Paula Nabais is Junior Researcher at LAQV-REQUIMTE and Department of Conservation and Restoration, NOVA School of Science and Technology of NOVA University Lisbon, Lisbon, Portugal.

Paula Nabais is also an author of the original article

, Teresa Sequeira Carlos | Science Communicator

Teresa Sequeira Carlos is Science Communicator at LAQV-REQUIMTE, NOVA School of Science and Technology of NOVA University Lisbon, Lisbon, Portugal.

Teresa Sequeira Carlos is also an author of the original article

Edited by

Dr. Giacomo Rossetti

Senior Scientific Editor

Views 3721
Reading time 3 min
published on Mar 3, 2021

Lavishly decorated with brightly colored illustrations and ornaments, illuminated manuscripts from the Middle Ages are a feast for the eyes. To preserve these colors for future generations, our group combines methods from the humanities and the natural sciences. In fact, we want to mimic these ancient colors to know how to preserve them. Of all the medieval dyes, folium was the only one whose chemical structure was unknown.

Folium is extracted from the fruits of the Chrozophora tinctoria plant, native in Portugal. The blue/purple folium watercolors were used during Antiquity and the Middle Ages, mainly in the illuminations of precious manuscripts. However, the knowledge of its medicinal and dyeing properties was lost in the 19th century. It is known that Chrozophora tinctoria plant extracts were still used in Grand-Gallargues (France) until the turn of that century, where this blue was captured in cloths, with still medieval techniques; the blue-dyed cloths were later exported to Holland, where it was used to dye red the crust of Dutch cheese. This color transformation from blue into red is another mystery to be solved.

As described by Carolyn Wilke, from Science News, "Unmasking this color's identity took a mix of medieval knowledge and modern science". Indeed, medieval technical knowledge preserved in written sources was crucial to obtain almost pure extracts of folium. We studied several medieval documents and selected three medieval treatises describing in detail the preparation of folium dye to determine the best time for the collection of the fruits of Chrozophora tinctoria and the best way to extract the dye. For example, the 15th-century text, The book on how to make all the color paints for illuminating books, was indispensable in recreating folium. It describes how to extract the blue dye, instructing to squeeze the fruits, being careful not to break the seeds.

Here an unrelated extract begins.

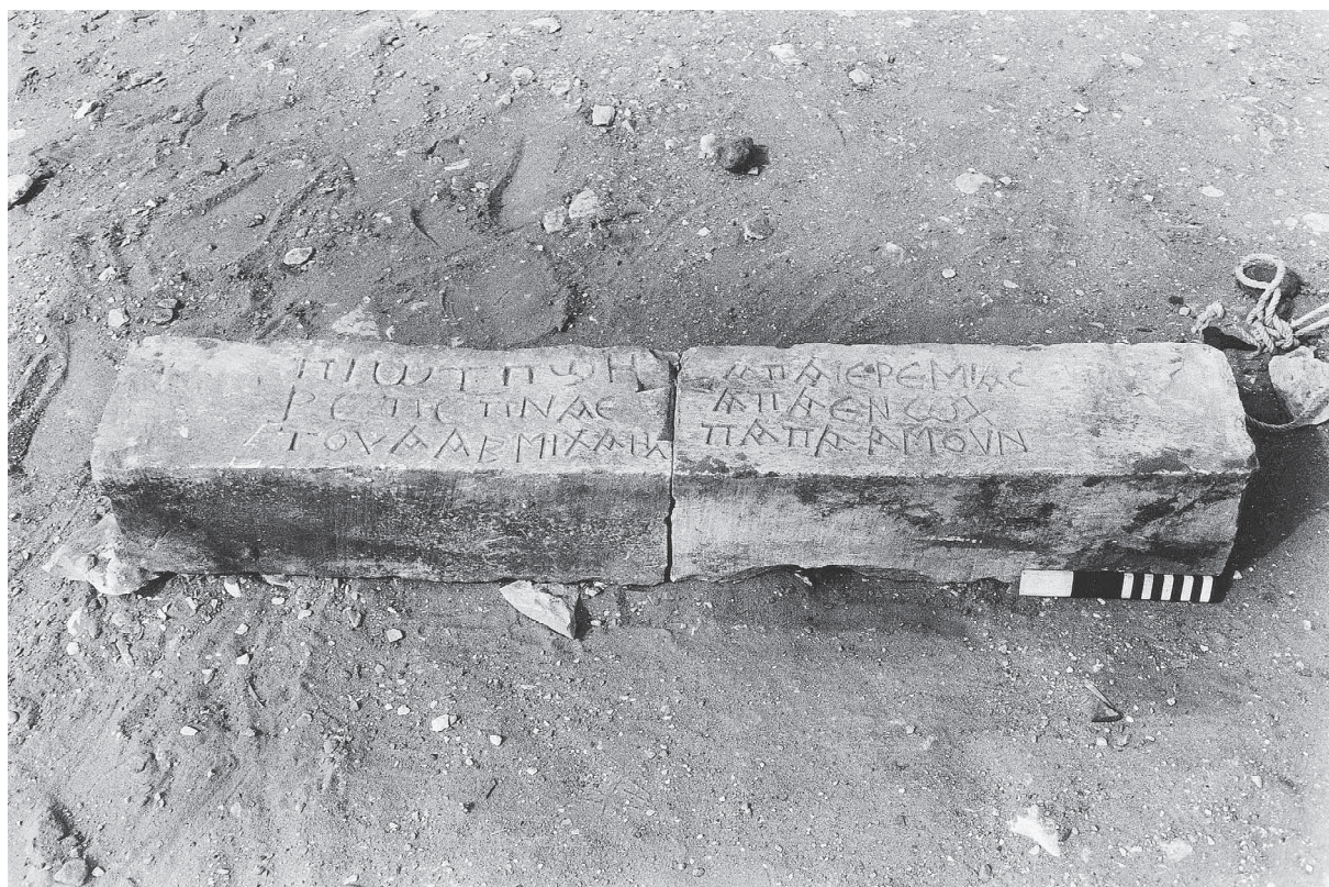
Fig. 4. Découverte d'un linteau inscrit en copte dans le secteur nord-est.

Field expeditions lead by Adelaide Clemente, a biologist, collected materials from the Chrozophora tinctoria plant. The plant was found in Southern Portugal (Granja/Mourão) and the fruits were collected during the summer months (from end July into September). The extracts obtained showed a blue dye as the main chromophore. The chromophore, i.e. the molecule responsible for color, was studied at the University of Porto, under the supervision of Victor de Freitas and Joana Oliveira. The purification and characterization of the folium chromophore were challenging, requiring the combination of multiple chemistry techniques (liquid and gas chromatography, mass spectrometry, and nuclear magnetic resonance). However, our efforts lead to the isolation of the molecule of folium which we named chrozophoridin.

The molecule behind folium, chrozophoridin, was used in ancient times to make a beautiful blue dye for painting illuminations, and it is neither an anthocyanin - found in many blue flowers and fruits - nor indigo, the most stable natural blue dye. It turns out to be in a class of its own!

In cultural heritage, understanding and preventing degradation processes involves the chemical structure of a dye. Only in this way, it will be possible to identify folium in artworks and study its properties, enabling new conservation strategies. We hope our work will help to ensure that the future generations can appreciate the vivid colors of medieval illuminations.